El mío ha sido distinto, lo advierto, porque confío en que nadie tome represalias. Me encontraba inmerso en una sociedad, ésa a la que llamamos occidental y en ocasiones con altivez el primer mundo, en la que habían desaparecido los prejuicios sociológicos heredados de una historia tachonada de mensajes egoístas y exclusivistas, de predicadores encerrados en sus burbujas de privilegios, de patrioteros vocingleros de mente angosta. Los inmigrantes no morían a centenares intentando alcanzar las costas de sus ilusiones y cuando llegaban eran acogidos como seres humanos y no como peligrosos delincuentes. Los ciudadanos elegían a quién amar y no estaban condicionados por mandamientos religiosos. Las mujeres eran dueñas del destino de sus cuerpos y a sus en ocasiones difíciles decisiones no se añadía el estigma de la intolerancia. Los humanos se miraban directamente a los ojos y los matices del color de su piel no eran más que variaciones de los pigmentos cutáneos que no afectaban a su dignidad como personas. Soñaba que me encontraba en un mundo al que por fin había llegado la civilización y la cultura. La razón se había impuesto sobre las supersticiones.

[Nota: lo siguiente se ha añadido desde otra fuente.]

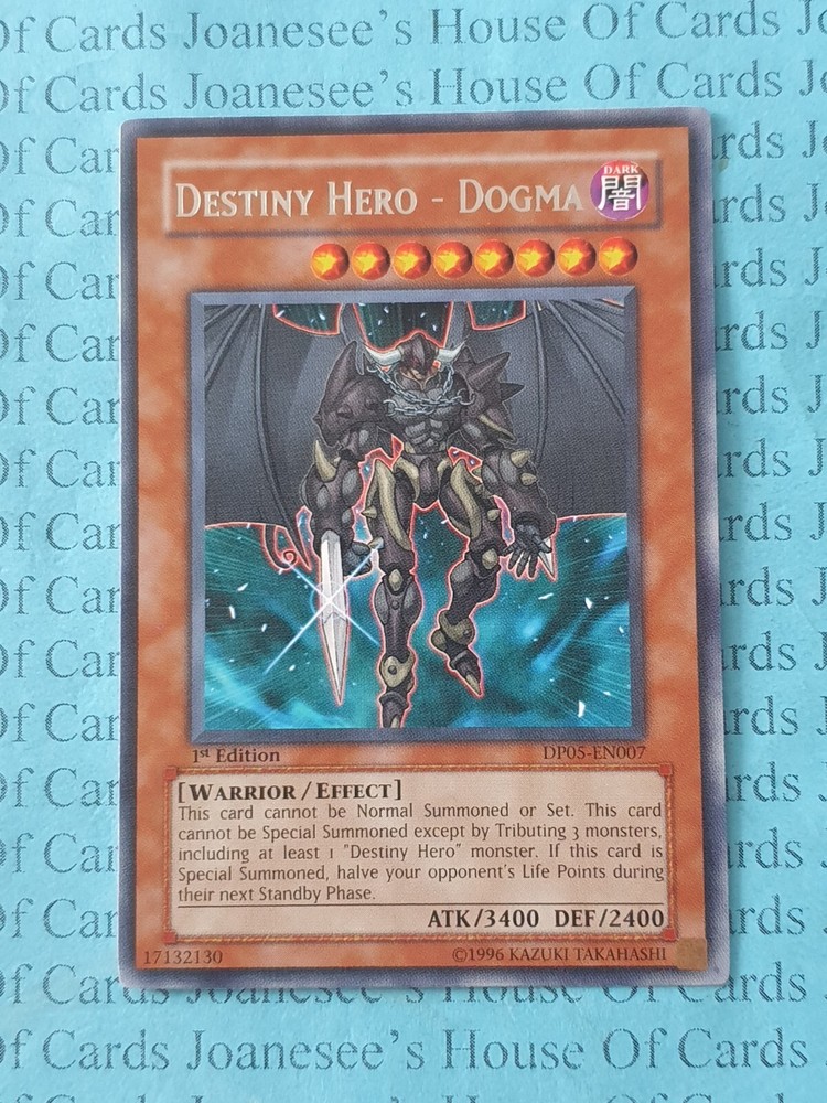 This is the Common Dark Warrior Destiny HERO - Dogma DP05-EN007 1st Edition English Mint/NMint Condition Totally Original Konami (or your money back!) I will deliver in safe packaging to keep it in perfect condition. Ideal for players and collectors alike. Check out my other items! I will combine postage costs for multiple purchases. Sign up for my email newsletters by adding my eBay Shop to your favourites

No oculto que en determinados momentos del sueño me asaltaban dudas, porque tanta belleza tenía que ser imposible. Pero como en aquellos momentos de inconsciencia onírica mi ángel del optimismo vencía a su contrario, al de la amargura, me sobreponía a las dudas y continuaba soñando. Es verdad que me parecía muy extraño, porque hasta soñando es imposible perder por completo el sentido de la realidad.
Dicen que los sueños son restos del pensamiento alojados en desorden en el cerebro, por lo que no hubiera debido tener ninguna duda de que lo que me imaginaba mientras dormía era cómo me gustaría que las cosas fueran y no cómo son en realidad. También afirman que son válvulas de escape de las aspiraciones utópicas, de los anhelos insatisfechos. Puede ser, no lo voy a negar, que este sueño haya sido por tanto consecuencia de alguna frustración.

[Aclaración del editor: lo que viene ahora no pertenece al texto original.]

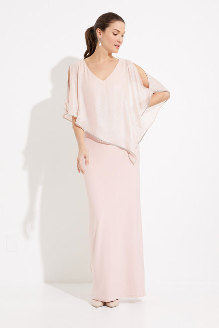 Bedazzled with shimmery embellishments, this elegant Joseph Ribkoff dress is is made for special occasions and nights on the town! Its sleeveless chiffon overlay drapes elegantly over the dress, while the fitted under lay hugs your form. It's a truly refined and head-turning look.

Me desperté, intenté recuperar el sentido de la realidad, y
enseguida concluí que todo aquello no había sido más que un deseo. Ya por la
mañana, cuando oía en la radio las noticias mientras desayunaba, empezaron a
llegarme los mismos mensajes de intolerancia a los que estoy acostumbrado, los exabruptos de los Trump y las Meloni, los voceríos de los Orbán y los Bolsonaro, las amenazas de los Putin y los Netanyahu. Pero también los de
muchos de mis compatriotas, porque no hay que cruzar fronteras para tropezar constantemente con la intolerancia y la sinrazón.
La otra noche tuve un sueño, pero no fue más que un sueño.